- Task description
Please repeat exactly the lines below from the line with "Beuys, Joseph: Joseph" to the line with "蒋介石がある銅像まで階段があ", including both, and leave out every picture.

Excerpts from a dataset
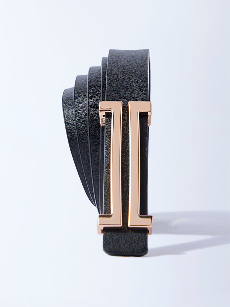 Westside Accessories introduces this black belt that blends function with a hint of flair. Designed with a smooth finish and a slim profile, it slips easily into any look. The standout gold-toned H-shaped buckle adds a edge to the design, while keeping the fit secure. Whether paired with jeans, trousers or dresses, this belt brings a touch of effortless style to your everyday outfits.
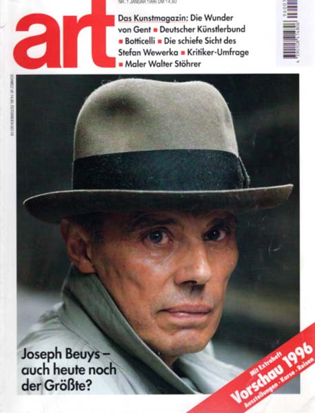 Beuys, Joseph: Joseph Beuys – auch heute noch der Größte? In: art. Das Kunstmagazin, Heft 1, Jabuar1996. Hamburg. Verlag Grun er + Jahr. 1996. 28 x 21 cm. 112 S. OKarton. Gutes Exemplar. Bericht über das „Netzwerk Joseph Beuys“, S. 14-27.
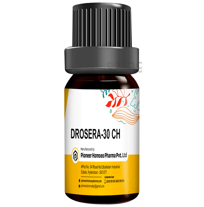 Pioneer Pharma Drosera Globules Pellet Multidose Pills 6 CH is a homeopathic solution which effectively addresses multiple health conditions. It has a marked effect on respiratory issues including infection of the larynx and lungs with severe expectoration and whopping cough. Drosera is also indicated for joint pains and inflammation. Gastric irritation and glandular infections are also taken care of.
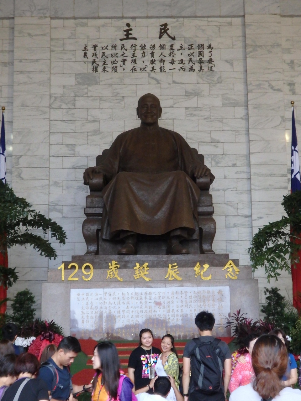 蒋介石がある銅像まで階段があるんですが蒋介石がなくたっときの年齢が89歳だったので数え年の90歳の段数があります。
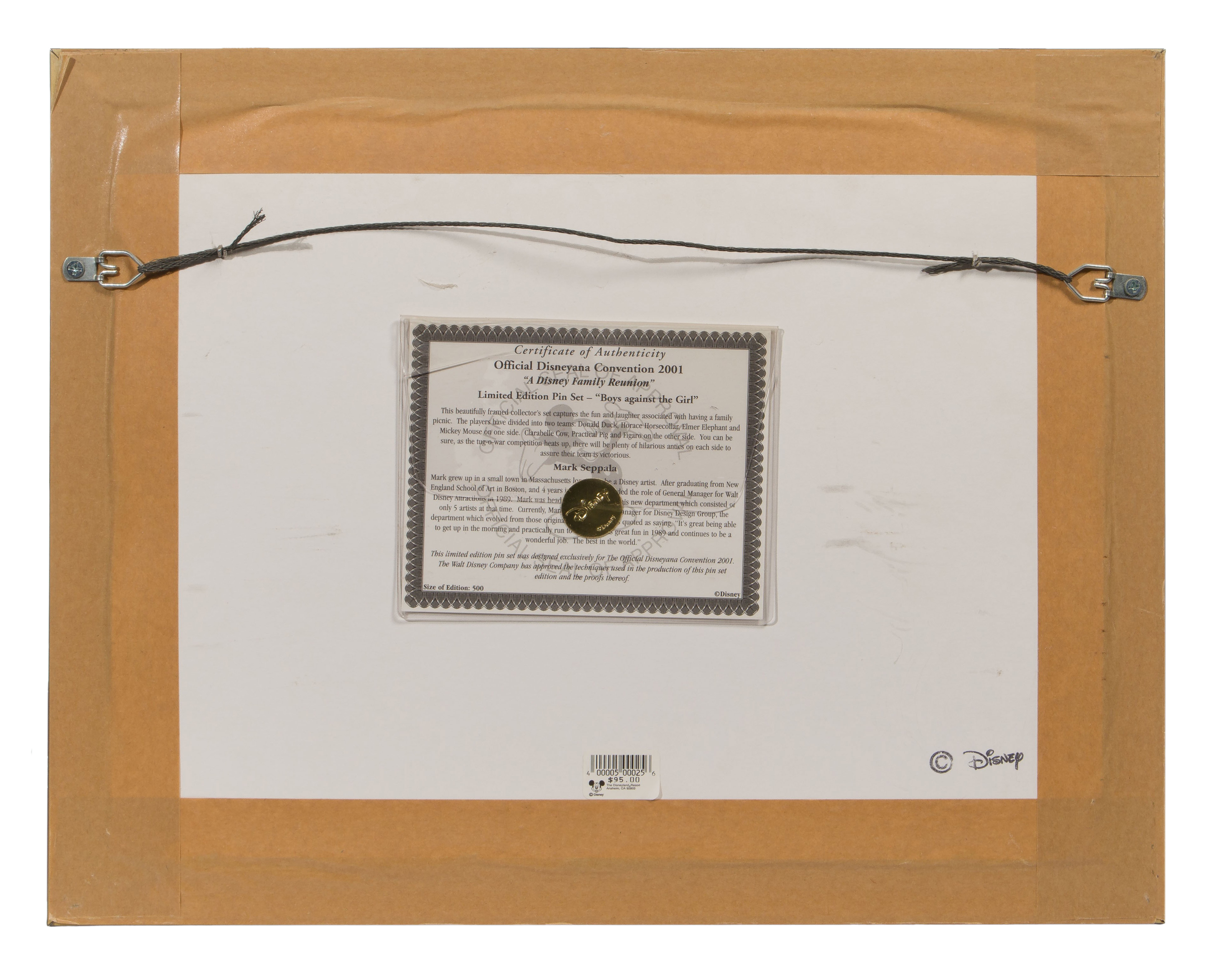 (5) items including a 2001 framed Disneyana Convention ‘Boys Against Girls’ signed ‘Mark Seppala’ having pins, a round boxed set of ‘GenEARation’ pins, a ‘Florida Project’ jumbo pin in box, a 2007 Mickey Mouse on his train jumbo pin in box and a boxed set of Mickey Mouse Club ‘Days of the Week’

- Answer
 Beuys, Joseph: Joseph Beuys – auch heute noch der Größte? In: art. Das Kunstmagazin, Heft 1, Jabuar1996. Hamburg. Verlag Grun er + Jahr. 1996. 28 x 21 cm. 112 S. OKarton. Gutes Exemplar. Bericht über das „Netzwerk Joseph Beuys“, S. 14-27.
 Pioneer Pharma Drosera Globules Pellet Multidose Pills 6 CH is a homeopathic solution which effectively addresses multiple health conditions. It has a marked effect on respiratory issues including infection of the larynx and lungs with severe expectoration and whopping cough. Drosera is also indicated for joint pains and inflammation. Gastric irritation and glandular infections are also taken care of.
 蒋介石がある銅像まで階段があるんですが蒋介石がなくたっときの年齢が89歳だったので数え年の90歳の段数があります。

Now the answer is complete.